→ **Exercise objective**:
From top to bottom, print the listing word for word and skip any pictures it contains.

→ **Information provided**:
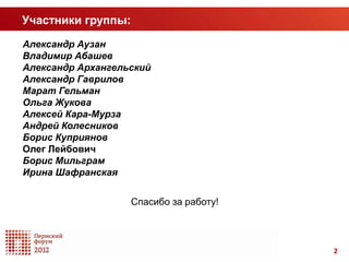 Документ содержит список участников группы и их идеи о культурной политике. Основные положения включают концепцию гражданина как субъекта культурной политики, согласие в несогласии и необходимость сложного подхода к взаимодействию. Выделены лозунги, отражающие эти идеи, такие как 'согласие по поводу несогласия' и 'начни с себя!'.
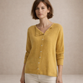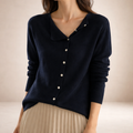 Design: Minimal button-through cardigan featuring a softly draped neckline with distinctive asymmetric collar detail
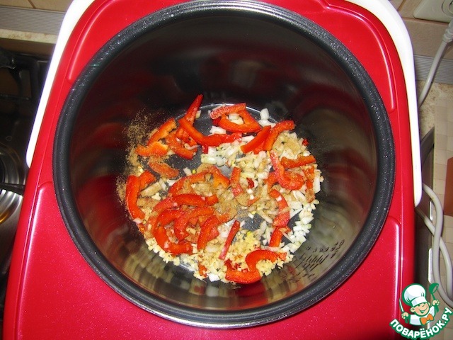 Добавить к нему болгарский перец, чеснок, имбирь, специи, перец чили - продолжить обжаривание.

→ **Result for this exercise**:
 Документ содержит список участников группы и их идеи о культурной политике. Основные положения включают концепцию гражданина как субъекта культурной политики, согласие в несогласии и необходимость сложного подхода к взаимодействию. Выделены лозунги, отражающие эти идеи, такие как 'согласие по поводу несогласия' и 'начни с себя!'.
 Design: Minimal button-through cardigan featuring a softly draped neckline with distinctive asymmetric collar detail
 Добавить к нему болгарский перец, чеснок, имбирь, специи, перец чили - продолжить обжаривание.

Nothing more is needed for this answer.